Laurel Nicholson witnessed her mother stab and kill a man that appeared at their doorstep when she was sixteen years old. She and her mother shared a secret about that day and what really happened when he arrived that they left out of the story for everyone else. This past memory continues to haunt Laurel even into her adult life, and when she returns to her childhood home she decides to investigate her mother’s past and learn just who she was before she became their “Ma.” Laurel was definitely the character that I loved to follow the most because she was the one that was piecing everything together like a gigantic puzzle.
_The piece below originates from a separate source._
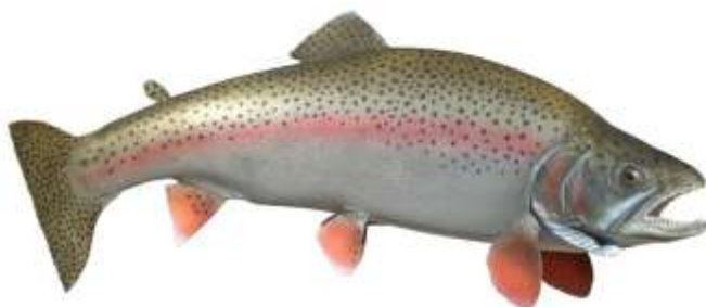
Fins and scales

The chapters would alternate between her and her mother, Dorothy, and honestly sometimes I would skim Dorothy’s chapters because I felt like it was a lot of useless information and rambling.
 
I really enjoyed moments when all of the sisters were together, but it bothered me that Laurel had to carry this secret alone for all these years and that she never shared it with any of her sisters. The family dynamics that are built in this story are so touching and made me feel so comfortable while reading. So many memories were shared between the girls including the house and some memories they made with their mother. I cannot figure out why, but Dorothy’s character just bothered me the entire way through the book. Then I got to the end and figured out just exactly why I didn’t like her. The end came as such a shock to me, and I will tell you that if you plan to pick up this book, I know it’s over four hundred pages and really big, but reading every page until you find out the big secret is so worth it. I was so surprised and honestly NEVER would have guessed it!
 
This book and the mystery and hidden secrets built more and more chapter by chapter. Sometimes I felt warm in the company of sisters and sometimes I felt chills in the face of unknown secrets and hidden agendas. This book is most certainly a puzzle and a journey intermixed between the past life of Dorothy and the present life of her daughters and son, Gerry. I would recommend this book to almost anyone with a passion for reading because I know there is something here for everyone!
 
***Thank you to the publishers at Atria Books for providing me with a copy of this book in exchange for my honest review***
 
 
 

2 comments:

Rebekah Campbell said...

I loooooove Kate Morton and I'm so glad that you enjoyed The Secret Keeper. Kate always manages to smack you in the face with the BIG REVEALS!
Great review :)

Rachel R. said...

I've never read anything by Kate Morton either, but this one sounds really great! I'm going to add it to my TBR list. Thanks for sharing and for the great review!